Letter to the Editor: Remember our real motto

Collin McCadden

In my four years at Tulane, I have witnessed the school grow and change tremendously. I came here knowing the university and New Orleans itself were undergoing a renaissance of sorts in the wake of Hurricane Katrina. The school has become more academically excellent, more highly regarded and more selective.

Tulane jumped in the U.S. News & World Report rankings from the 54th best National University in 2014, when I applied, to the 40th most recently. The acceptance rate has gone from 26 percent in 2014 to 17 percent for the incoming Class of 2022. These trends will continue.

Tulane has changed socially and culturally as well. Tulane has a vibrant nightlife and party culture that is no doubt influenced by the “laissez les bons temps rouler” attitude of New Orleans. Yet the party culture at times verges on the debaucherous and even the dangerous. The Tulane administration is currently grappling with the school’s party culture in light of several drug and alcohol-related student deaths, the recent Sexual Misconduct Climate Survey and The Princeton Review naming us the nation’s No. 1 party school in 2018.

New procedures and policies are being enacted to make Tulane safer and to hamper the excesses of the night.

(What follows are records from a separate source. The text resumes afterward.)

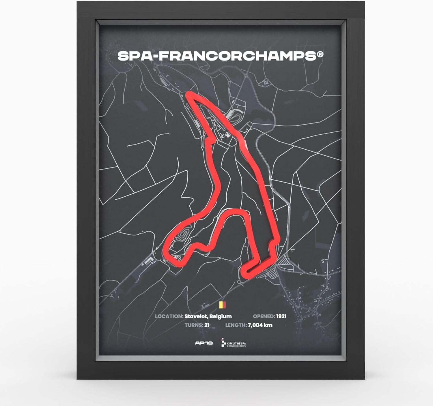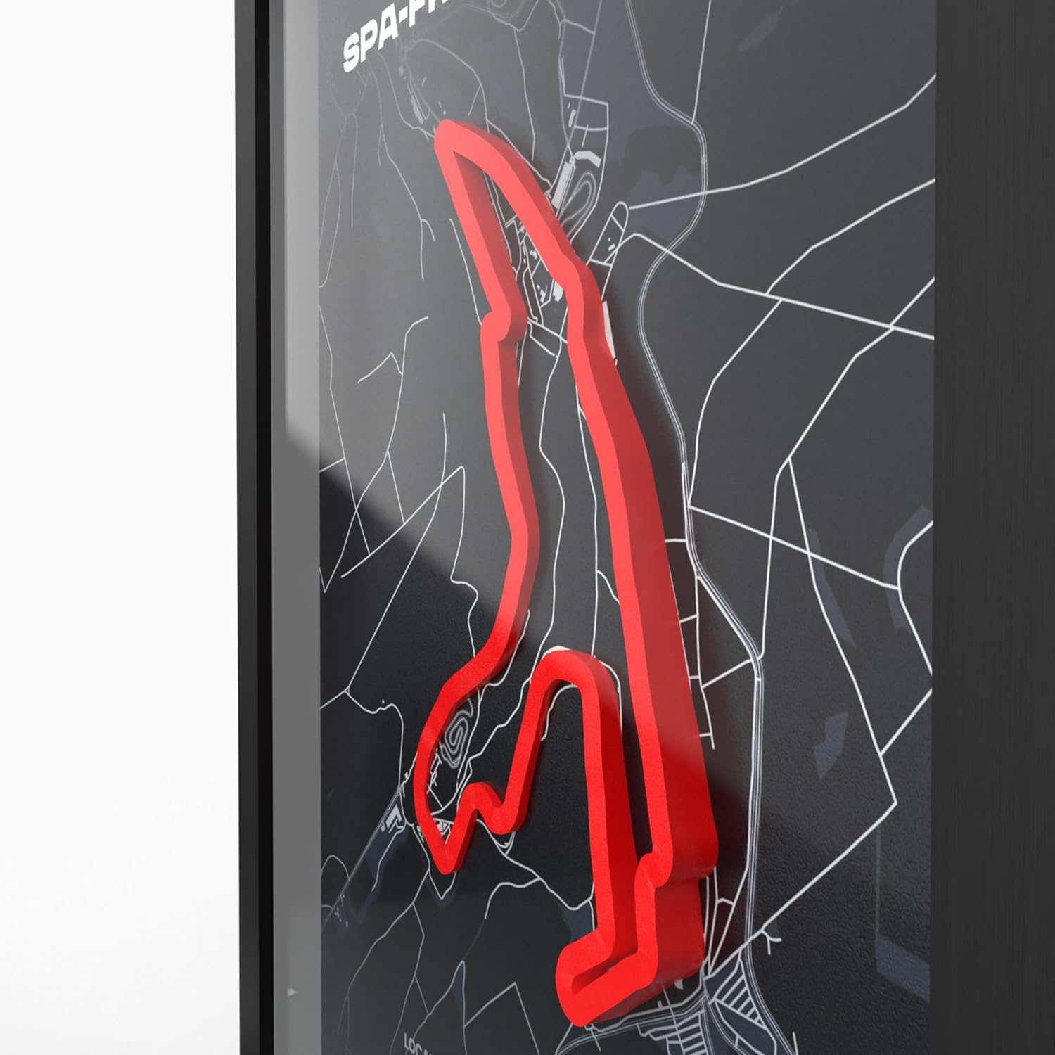 Изживейте състезателните писти в ново измерение. Благодарение на технологията за 3D печат, контурът на пистата стърчи от плаката и създава визуален ефект.
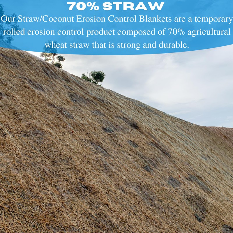 • 70% Straw - Our Straw/Coconut Erosion Control Blankets are a temporary rolled erosion control product composed of 70% agricultural wheat straw that is strong and durable.
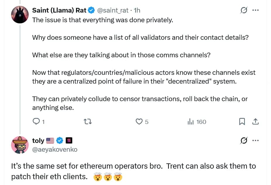 مدیرعامل Solana Labs، Anatoly Yakovenko، ادعاها را مستقیماً رد نکرد اما گفت اعضای جامعه اتریوم هم میتوانند برای رفع یک آسیبپذیری مشابه هماهنگ شوند. او اشاره کرد که بیش از هفتاد درصد اعتباردهندههای شبکه اتریوم نیز تحت کنترل صرافیها یا اپراتورهای استیکینگ مانند Lido هستند.
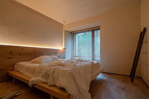 所以設計師根據房間主人的閱讀習慣,利用吊燈作為作業照明安裝在了床頭,吊燈的角度并根據主人的看書姿勢進行了調整;
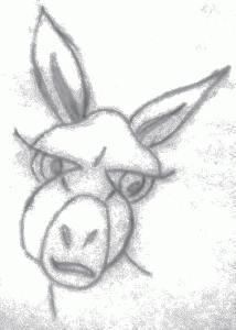 At first they are a bit confused but then they decide that the guy has a point and both climb the donkey. Until they meet a third guy who starts shouting: 'Look at you two, the poor donkey. How can two blokes ride on that poor little animal together?' They decide that he has a point too, pop the donkey on their shoulders and carry it to the market. |
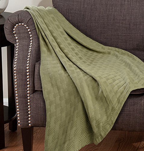 Superior 100% Cotton Thermal Blanket, Soft and Breathable Cotton for All Seasons, Bed Blanket and Oversized Throw Blanket with Luxurious Basket Weave Pattern - King Size, Sage
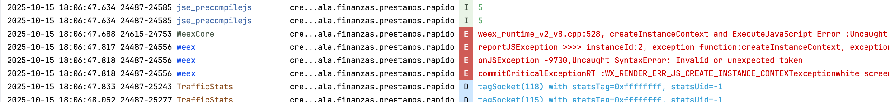 2025-10-15 18:06:47.817 24487-24556 weex cre...ala.finanzas.prestamos.rapido E reportJSException >>>> instanceId:2, exception function:createInstanceContext, exception:Uncaught SyntaxError: Invalid or unexpected token
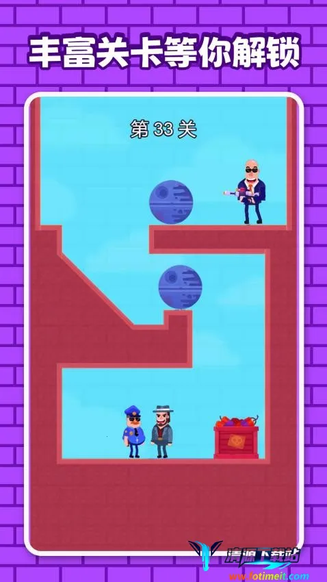这款游戏充满趣味。游戏的关卡设计丰富多样,每一关都有新挑战。地形多变,增加了游戏的不确定性,让玩家时刻保持新鲜感。在追踪坏蛋的过程中,玩家要留意炸药位置、武器作用等诸多元素,充分考验逻辑思维。比如,要根据坏蛋位置和平衡信息确定推动圆形物品的时机,精准启动炸药机关。随着关卡推进,坏蛋逃跑路线愈发复杂,速度也加快,这就需要玩家灵活应对,解锁抓捕道具来增加追逃的爽感。整体游戏过程紧张刺激,玩家能沉浸在追逃的乐趣中,不断挑战自我,寻找最佳通关方式,享受解决各种难题带来的成就感。

As a member of a fraternity at Tulane, these initiatives are important to me. Greek organizations will undoubtedly need to work with, rather than against, the school to achieve common goals. The line between fun and safety and the line between freedom and responsibility are important ones to walk. I believe the trend of Tulane’s increasing academic excellence is coalescing with the trend of Tulane cultivating a safer and healthier culture.

In his September 2017 Special Message on Alcohol and Drug Abuse, President Fitts discussed the need to address issues stemming from “Tulane’s culture of excessive partying.” He referenced Tulane’s “unofficial motto of ‘work hard, play hard.'” While this may be an unofficial motto of Tulane, at this important time in our university and our nation’s history I would like to instead call attention to Tulane’s official motto: “non sibi, sed suis” — not for oneself, but for one’s own.

This powerful motto reminds us of the importance of selflessness and of contributing to the greater good of society and humanity at large. In the aftermath of Hurricane Katrina, President Scott Cowen re-envisioned a university in which community engagement was a central component and in which education, research and public service were integrated. He envisioned a university in which all students would grow to become “engaged citizens and future leaders of the world.”

While The Princeton Review in 2018 may have ranked us as the No. 1 school under the “Lots of Hard Liquor” category, we also ranked first in “Most Engaged in Community Service.” Tulane was the first university in the nation to adopt a service learning graduation requirement. We produced more Peace Corps volunteers in 2018 than any graduate school in the country. We have an incredible social innovation and social entrepreneurship program of which I was a part.

As I prepare to graduate and think about my future and what I hope to accomplish, I think of not only my own private self-interest but also of the public interest. I think of not just myself, but of my own — my own brothers and family, my own school, my own home state and my own country. And fellow Tulanians, I encourage you to do the same. I encourage you to remember our real motto: non sibi, sed suis.